OSLO, Jan 16 (Reuters) – A Norwegian naval officer is on trial on Monday accused of negligence that led to the 2018 collision between a warship he commanded and an oil tanker that sank the navy vessel.
Constructing a alternative for the misplaced Helge Ingstad frigate would value as much as 13 billion kroner ($1.3 billion), the armed forces estimated in a 2019 report.
The early morning collision between Ingstad and the totally loaded Sola TS crude provider close to a significant oil export terminal within the North Sea additionally triggered shutdowns of elements of Norway’s oil manufacturing. There was no leakage from the oil tank.
Members of the 137-strong Ingstad crew described waking up in the midst of the evening as water poured into their cabins and alarms went off as they tried in useless to save lots of the ship, though they suffered solely minor injury.
The defendant was then the accountable officer on the bridge to Ingstad.
“He didn’t train warning and didn’t take the precautions that secure crusing requires,” prosecutor Magne Kvamme Sylta mentioned within the indictment.
The defendant believes that he was unfairly singled out for guilt and can plead not responsible, says his lawyer, Christian Lundin, to the Norwegian information company NTB.

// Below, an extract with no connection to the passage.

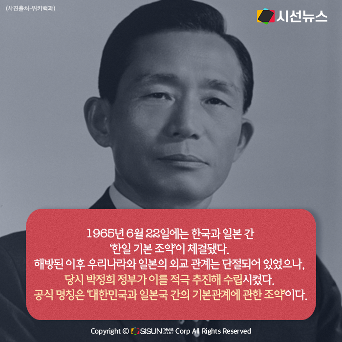 1965년 6월 22일에는 한국과 일본 간 ‘한일 기본 조약’이 체결됐다. 해방된 이후 우리나라와 일본의 외교 관계는 단절되어 있었으나, 당시 박정희 정부가 이를 적극 추진해 수립시켰다. 공식 명칭은 ‘대한민국과 일본국 간의 기본관계에 관한 조약’으로, 오늘날 한일 양국에서 해석 차이가 빚어지고 있다.

Recordings of communications between the 2 vessels confirmed that the slow-moving Sola repeatedly requested the quicker Ingstad to change its course or face a collision, however the request was refused by the Navy ship, which feared getting too near land.
A fee investigating the collision later mentioned that the brightly lit Sola TS could have been tough to differentiate from the close by terminal from which it had taken off, complicated the Ingstad crew.
A video footage from the tanker confirmed sparks flying as the 2 collided, tearing a gash within the aspect of the warship, which was later recycled as scrap steel. The tanker suffered solely minor injury.
The collision uncovered security gaps within the Norwegian navy, together with insufficient coaching and threat evaluation programs. The Ministry of Protection later paid a advantageous of 10 million kroner.